With a resurgent Russia and a rising China, nuclear deterrence ought to be at the top of that list, many senior defense officials argue. “Nuclear modernization is affordable even under current budget constraints if it remains a priority,” Harrison said. “Are they unaffordable? I don’t think so.”

Even if the Budget Control Act caps are extended indefinitely, while planned nuclear modernization proceeds, “we would peak at just under 5 percent of he total national defense budget going for our nuclear forces,” said Harrison. “DoD should be able to protect 5 percent of its budget even given the BCA….To put that in perspective, we spend 10 percent of the budget on healthcare.”

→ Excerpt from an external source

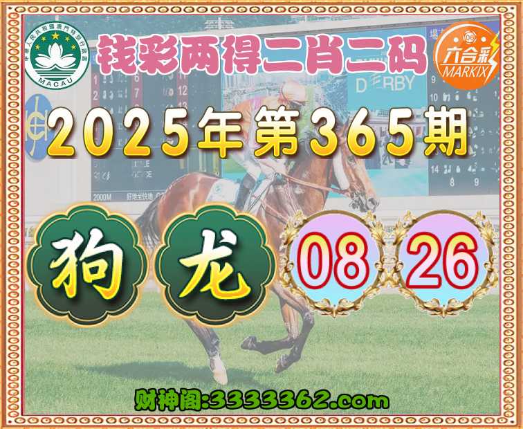 365期:『钱彩两得』 ♣️二肖二码♣️【狗】【08.26】开:龙26

It’s worth noting that Harrison’s numbers diverge from those of other experts. Official Defense Department figures count 100 percent of long-range bombers as “strategic forces,” for example, even those aircraft that aren’t nuclear-capable. Of course, strategic and nuclear aren’t necessarily the same. Harrison includes just 25 percent of the bomber forces’ operating costs and 10 percent of the cost to build the new Long-Range Strike Bomber, pointing out that most bombers are assigned conventional missions.

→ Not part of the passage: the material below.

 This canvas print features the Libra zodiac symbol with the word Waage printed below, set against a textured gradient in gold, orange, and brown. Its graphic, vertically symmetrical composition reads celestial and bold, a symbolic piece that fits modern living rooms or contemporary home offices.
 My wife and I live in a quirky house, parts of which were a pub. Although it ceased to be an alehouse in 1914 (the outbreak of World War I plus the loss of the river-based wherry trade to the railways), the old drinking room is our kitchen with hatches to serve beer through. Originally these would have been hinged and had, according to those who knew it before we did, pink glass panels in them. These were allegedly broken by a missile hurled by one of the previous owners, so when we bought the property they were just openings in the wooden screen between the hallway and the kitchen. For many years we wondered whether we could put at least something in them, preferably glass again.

Likewise, many estimators count DSP and SBIRS missile-warning satellites as part of the nuclear force. Harrison argues we’d still need them for missile defense even if we had no nuclear weapons and does not include their costs in his analysis. On the other hand, Harrison’s estimates include Energy Department nuclear weapons programs that, by definition, aren’t included in Defense Department estimates.

“Nukes are affordable” is probably not a popular position on the eve of the 70th anniversary of Hiroshima, during the administration of a president who’s called for “global zero,” the elimination of all nuclear weapons. But Harrison sheds important light on a strategic debate we can’t avoid.